Anybody know where I can buy good reasonably priced blades ? The least expensive ones I can find at Home depot or lowes are $14 Delta's and they are junk! I used to be able to get the Ryobi 10" on fleabay and they lasted longer and cut better than any others ( for less money )I have ever used including the top brand names, the Ryobi is a better blade, ( the saws are junk ) but my source does not carry them anymore and I can't find them. I have used all the other brands and they just don't get it! I've paid as much as $50 for a single " Diablo " by Freud and they can't take the Ironwood but the cheap Ryobi does ! Help if you can.

I not cheap ( well yea I am ) I'll pay for quality but I can't find it anywhere, is everything they make now a days junk ??:hookup:

Thanks Joe


----------



## ripjack13 (Sep 13, 2012)

*RE: 10 " 24-28 carbide tooth saw blades*

Hmm...to bad you need 10". I have 3 12" sittin in my garage, doin nuthin. I only have a 10" saw.


----------



## EricJS (Sep 13, 2012)

*RE: 10 " 24-28 carbide tooth saw blades*



bigcouger said:


> :no dice. more please::no dice. more please::morning2: I use CMTS an there reaaly good an can be reshapen to I have Lowes order them for me an they are $28.55 each
> Roy



I've had a CMT on my tablesaw for 10 years. It's a very high quality carbide blade & won't dull easily. I bought mine at a woodworking shop before Lowe's had them so I paid a lot more. It was still worth it.


----------



## duncsuss (Sep 27, 2012)

I've had good results with purchases from two different sellers on eBay:

1: Onsrud -- eBay store name onsrudcutter2010

Currently only one table saw blade listed - LINK - but used to have many more.
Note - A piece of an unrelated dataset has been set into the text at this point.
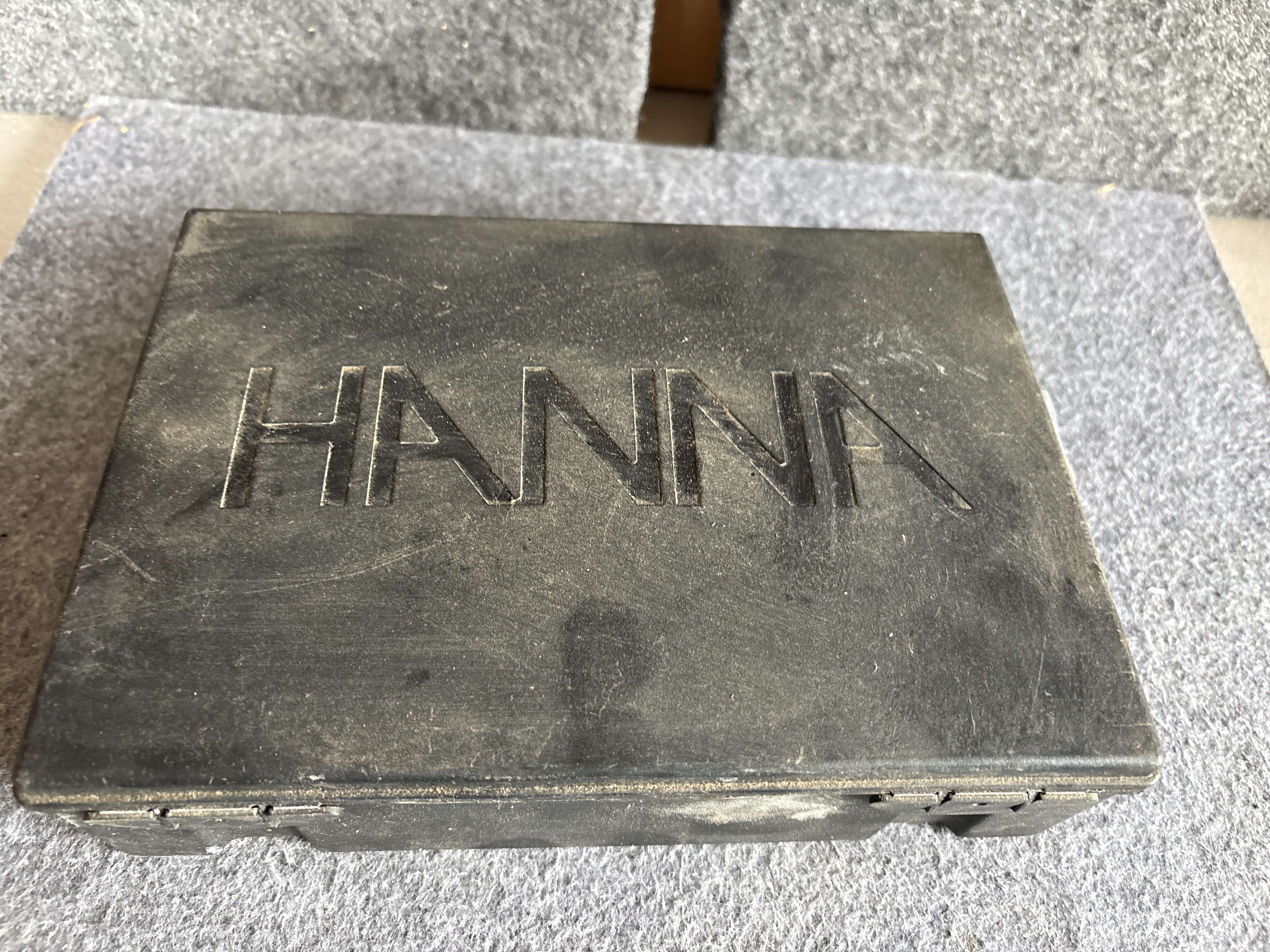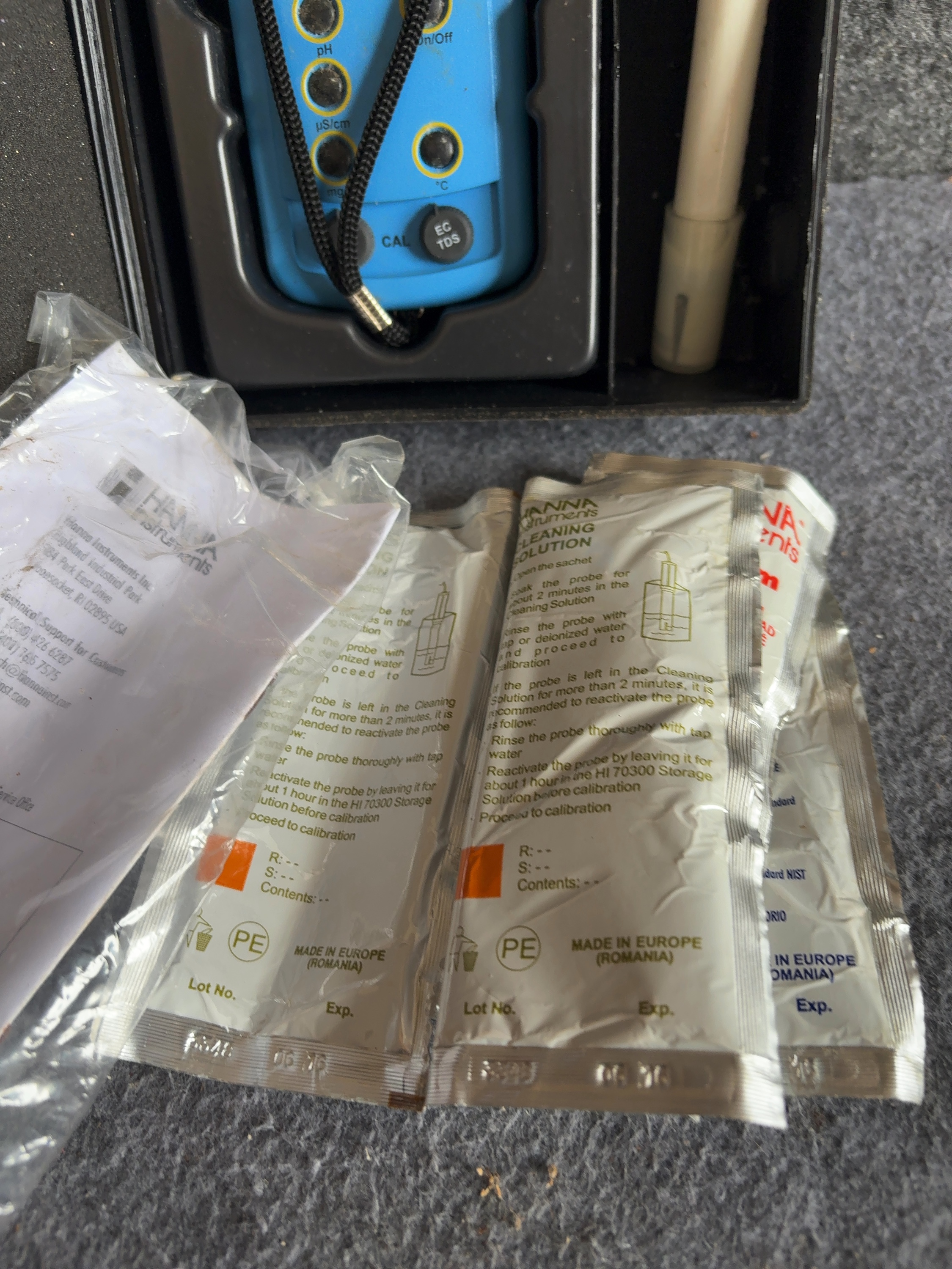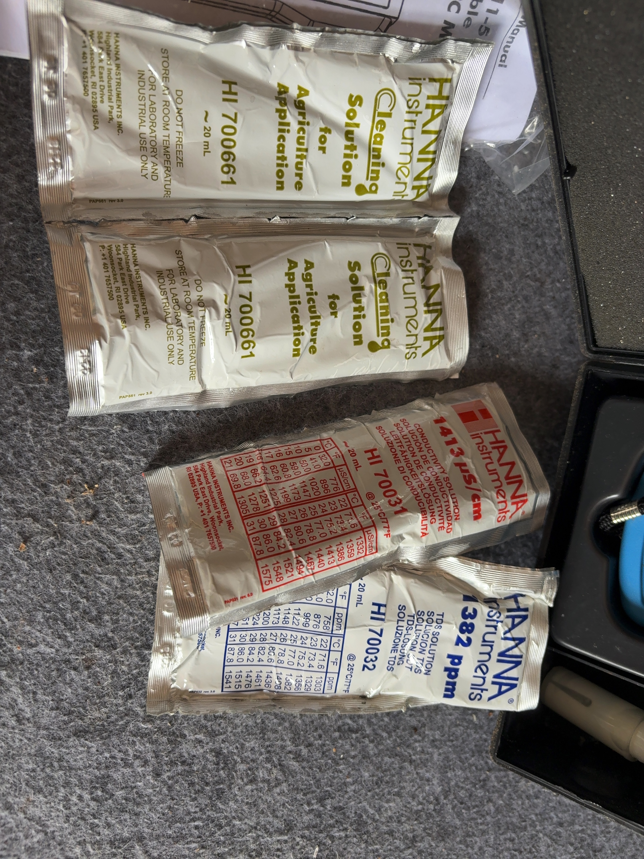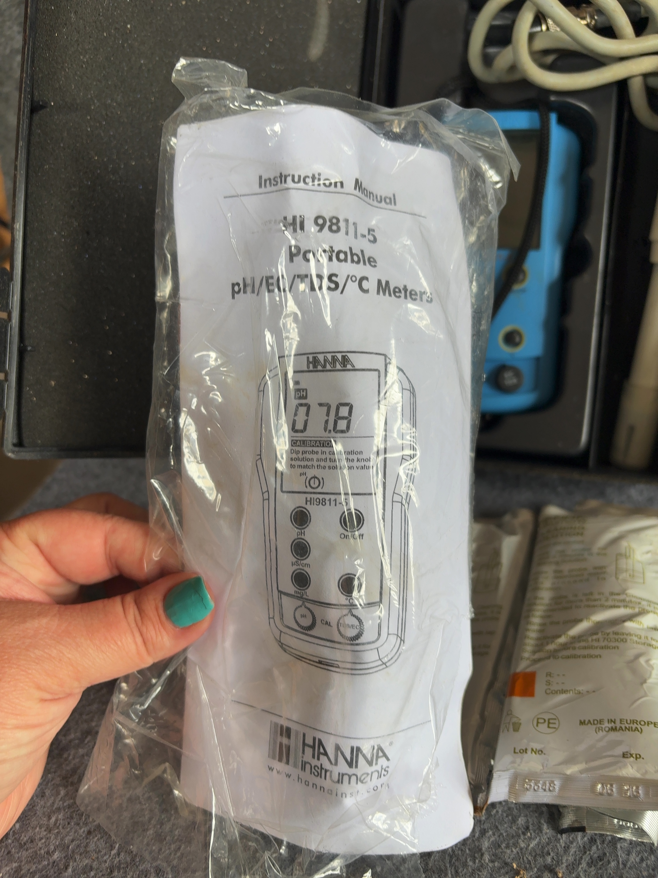 This portable water quality testing kit is manufactured by Hanna Instruments, model HI 9811-5. The set features a handheld meter unit housed in blue plastic with an integrated LCD screen and manual controls for pH, conductivity (uS/cm), total dissolved solids (mg/L), and temperature (degrees Celsius). The interface includes dedicated buttons for mode selection and a calibration (CAL) adjustment knob. The kit includes a white plastic HI 1285-5 multiparameter probe with an attached cable and connector. The components are contained within a custom-fitted black plastic hard-shell carrying case. Additional accessories include an original instruction manual and several factory-sealed 20 mL solution sachets: two HI 700661 Cleaning Solution for Agriculture Application packets, one HI 70031 1413 uS/cm Conductivity Solution packet, and one HI 70032 1382 ppm TDS Solution packet. The meter housing is embossed with the name HANNA and printed with the model number HI 9811-5. The probe is marked HI 1285-5. The exterior of the carrying case features the embossed manufacturer name.

2: Cripe Distributing -- eBay store name cripedistributing

Sells the Delta 35-7657 general purpose blade -- LINK -- which I find a good solid performer, and exceptional value at only $18 plus shipping.

FWIW, both of these were recommended by a regular on WoodworkingTalk called knotscott who seems to know his stuff when it comes to table saws.

HTH


----------



## Ancient Arborist (Sep 28, 2012)

Joe, 
I think the cmt and finding a place that resharpens carbide teeth would be the way to go. Get a few and keep them in rotation, one on saw and one getting re sharpened. Or maybe try a blade that is labeled for cutting corian or formica, the density of corian is closer to ironwood than most real woods and might stay sharper longer. My two cents
:dunno:


----------